Work order
Output each line of the data below exactly, omitting any image.
(Provided data Opens)
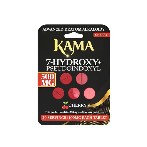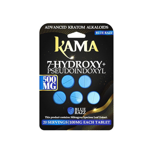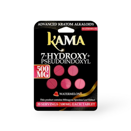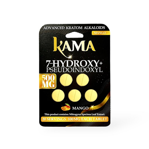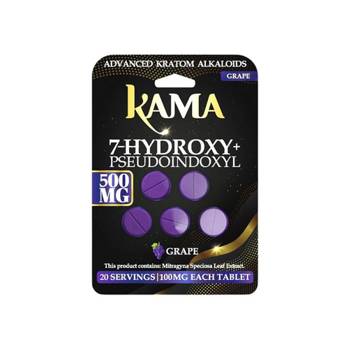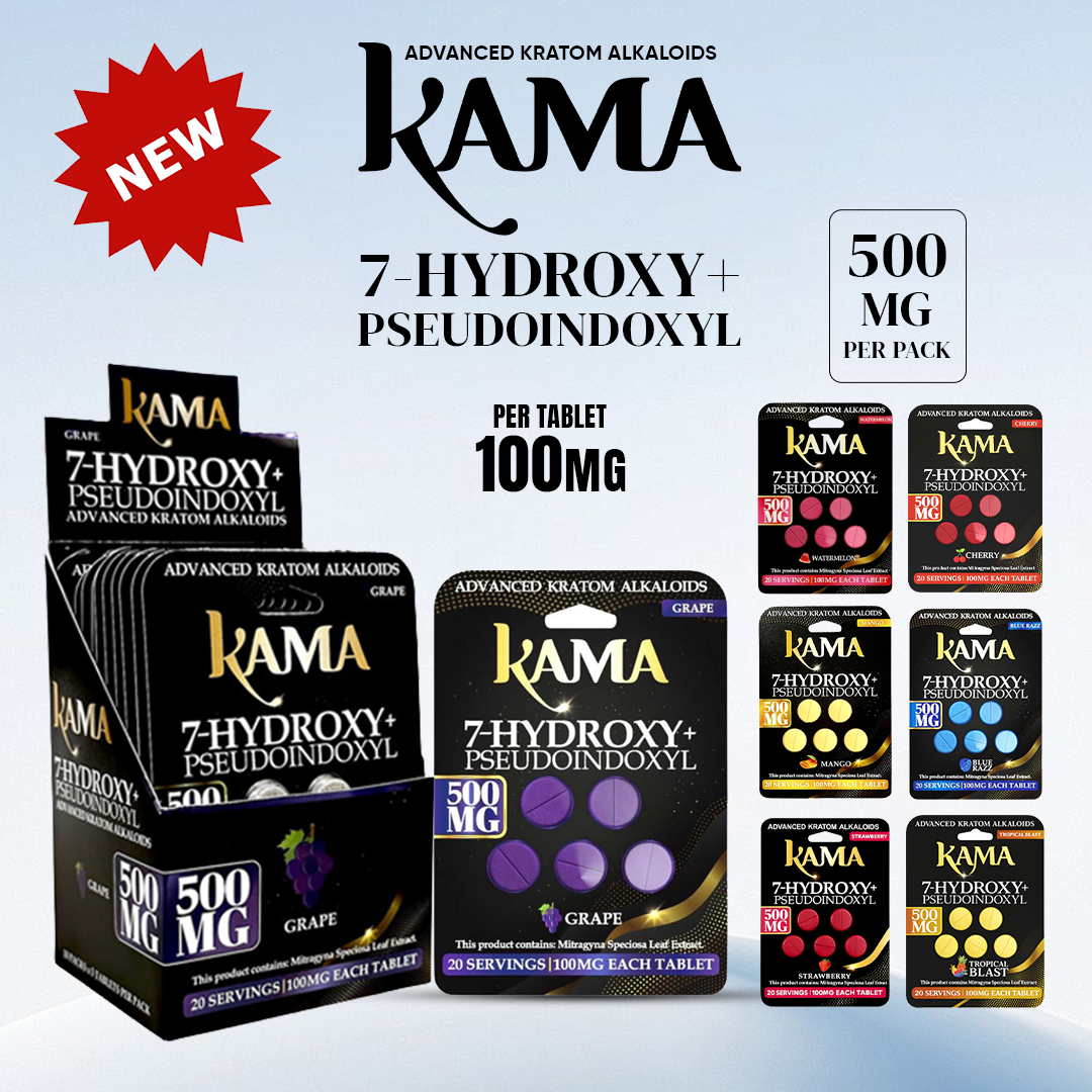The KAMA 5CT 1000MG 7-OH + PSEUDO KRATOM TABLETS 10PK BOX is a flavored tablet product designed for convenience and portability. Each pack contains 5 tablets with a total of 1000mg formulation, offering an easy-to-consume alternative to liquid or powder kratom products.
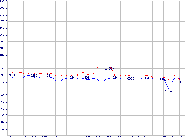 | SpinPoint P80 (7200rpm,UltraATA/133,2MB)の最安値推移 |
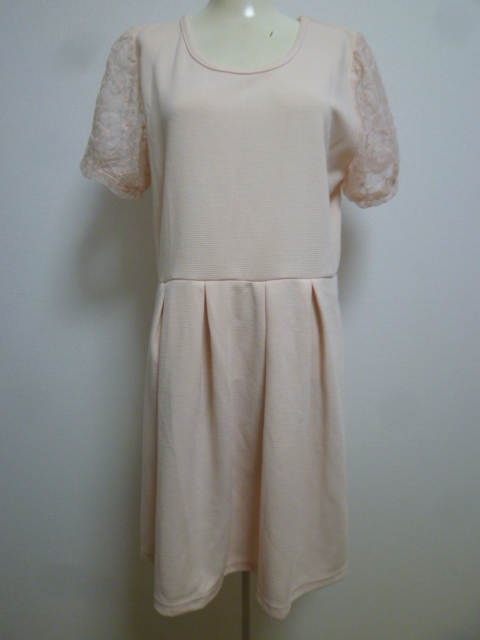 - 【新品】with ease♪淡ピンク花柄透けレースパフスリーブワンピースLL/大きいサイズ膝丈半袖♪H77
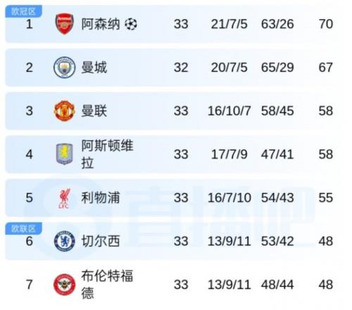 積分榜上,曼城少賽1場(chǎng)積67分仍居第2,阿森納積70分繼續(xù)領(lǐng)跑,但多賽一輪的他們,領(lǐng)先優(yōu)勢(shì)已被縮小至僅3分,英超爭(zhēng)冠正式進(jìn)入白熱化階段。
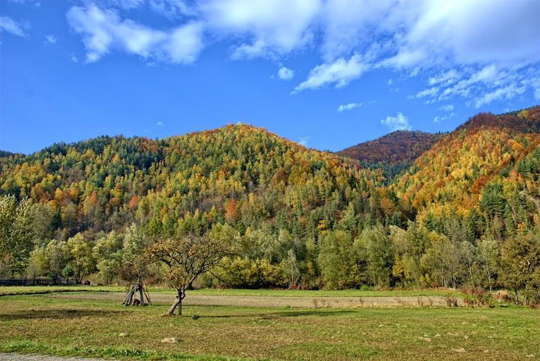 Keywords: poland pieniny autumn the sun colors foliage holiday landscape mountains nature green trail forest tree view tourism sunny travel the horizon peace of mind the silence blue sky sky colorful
(Provided data Closes)
Problem solution
The KAMA 5CT 1000MG 7-OH + PSEUDO KRATOM TABLETS 10PK BOX is a flavored tablet product designed for convenience and portability. Each pack contains 5 tablets with a total of 1000mg formulation, offering an easy-to-consume alternative to liquid or powder kratom products.
 | SpinPoint P80 (7200rpm,UltraATA/133,2MB)の最安値推移 |
 - 【新品】with ease♪淡ピンク花柄透けレースパフスリーブワンピースLL/大きいサイズ膝丈半袖♪H77
 積分榜上,曼城少賽1場(chǎng)積67分仍居第2,阿森納積70分繼續(xù)領(lǐng)跑,但多賽一輪的他們,領(lǐng)先優(yōu)勢(shì)已被縮小至僅3分,英超爭(zhēng)冠正式進(jìn)入白熱化階段。
 Keywords: poland pieniny autumn the sun colors foliage holiday landscape mountains nature green trail forest tree view tourism sunny travel the horizon peace of mind the silence blue sky sky colorful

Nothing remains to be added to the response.